Pictures are to be omitted, and every entry below is to be restated exactly.

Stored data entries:
-- Opening Marker --

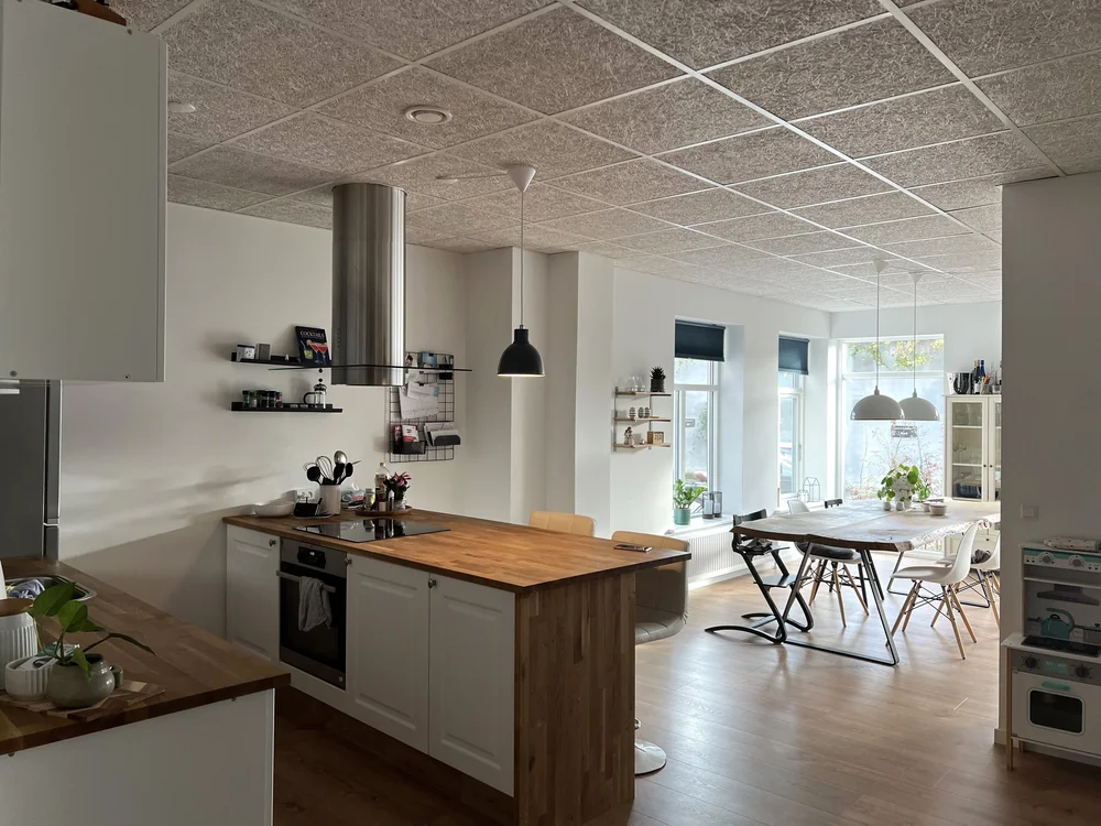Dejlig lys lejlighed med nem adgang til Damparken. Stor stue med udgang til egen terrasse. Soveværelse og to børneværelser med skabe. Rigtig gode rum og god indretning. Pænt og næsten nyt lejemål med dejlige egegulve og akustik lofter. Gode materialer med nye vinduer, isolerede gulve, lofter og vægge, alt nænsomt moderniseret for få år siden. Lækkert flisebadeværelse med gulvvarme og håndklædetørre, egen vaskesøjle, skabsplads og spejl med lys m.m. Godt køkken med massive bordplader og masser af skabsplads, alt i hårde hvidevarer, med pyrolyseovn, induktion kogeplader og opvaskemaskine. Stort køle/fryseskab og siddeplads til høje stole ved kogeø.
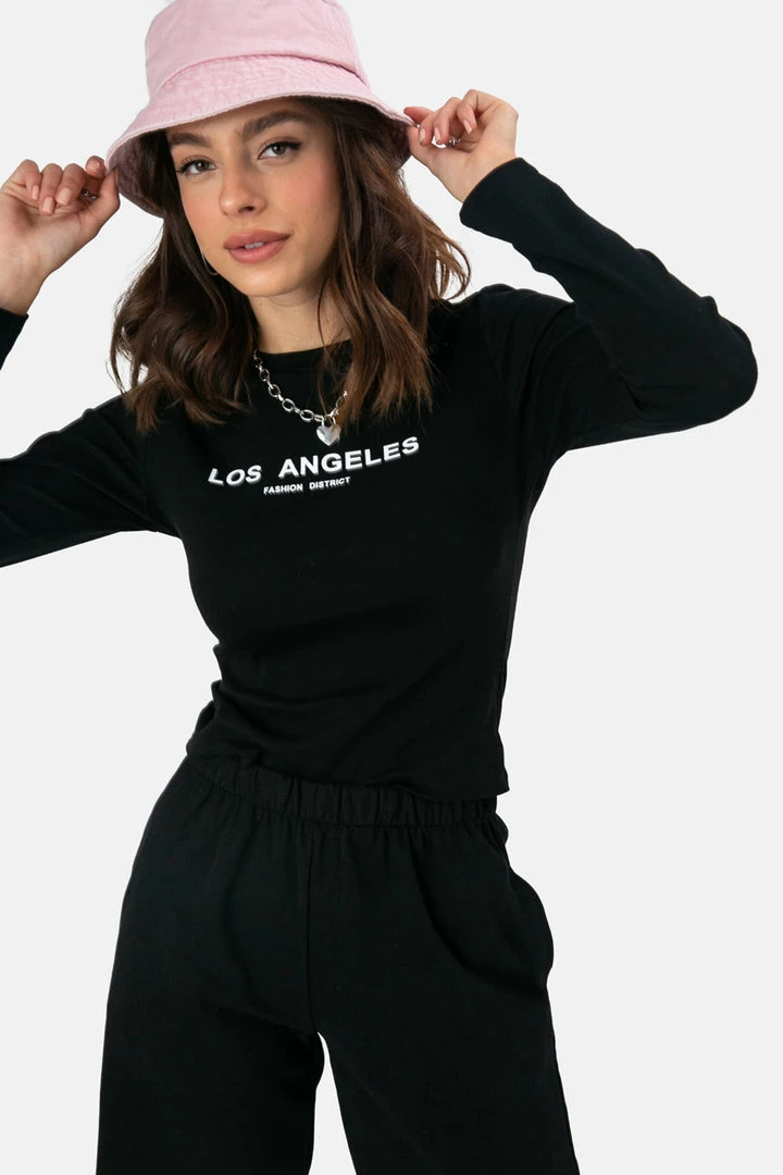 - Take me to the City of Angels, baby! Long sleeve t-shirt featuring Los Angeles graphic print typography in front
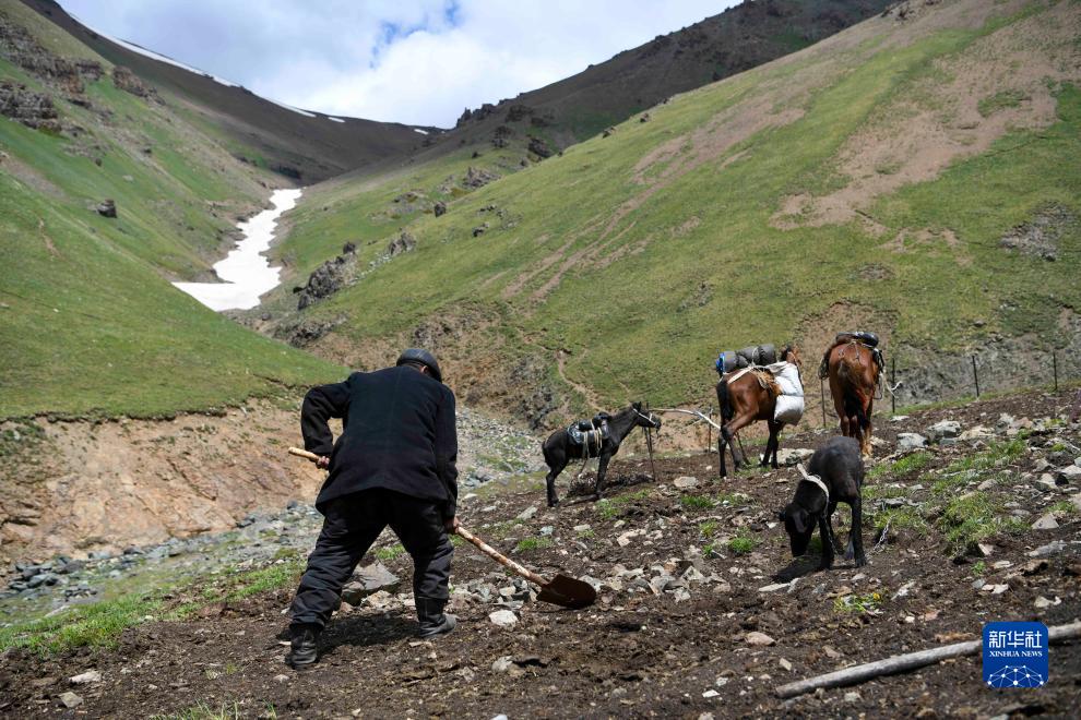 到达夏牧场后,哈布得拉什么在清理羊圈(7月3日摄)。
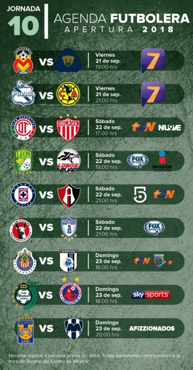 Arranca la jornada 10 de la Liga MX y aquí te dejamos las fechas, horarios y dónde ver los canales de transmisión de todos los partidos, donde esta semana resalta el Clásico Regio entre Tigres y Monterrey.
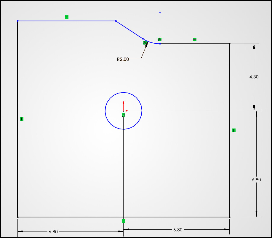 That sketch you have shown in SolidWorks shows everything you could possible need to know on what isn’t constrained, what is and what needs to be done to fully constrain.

-- Closing Marker --

ANSWER TO THIS PROBLEM:
Dejlig lys lejlighed med nem adgang til Damparken. Stor stue med udgang til egen terrasse. Soveværelse og to børneværelser med skabe. Rigtig gode rum og god indretning. Pænt og næsten nyt lejemål med dejlige egegulve og akustik lofter. Gode materialer med nye vinduer, isolerede gulve, lofter og vægge, alt nænsomt moderniseret for få år siden. Lækkert flisebadeværelse med gulvvarme og håndklædetørre, egen vaskesøjle, skabsplads og spejl med lys m.m. Godt køkken med massive bordplader og masser af skabsplads, alt i hårde hvidevarer, med pyrolyseovn, induktion kogeplader og opvaskemaskine. Stort køle/fryseskab og siddeplads til høje stole ved kogeø.
 - Take me to the City of Angels, baby! Long sleeve t-shirt featuring Los Angeles graphic print typography in front
 到达夏牧场后,哈布得拉什么在清理羊圈(7月3日摄)。
 Arranca la jornada 10 de la Liga MX y aquí te dejamos las fechas, horarios y dónde ver los canales de transmisión de todos los partidos, donde esta semana resalta el Clásico Regio entre Tigres y Monterrey.
 That sketch you have shown in SolidWorks shows everything you could possible need to know on what isn’t constrained, what is and what needs to be done to fully constrain.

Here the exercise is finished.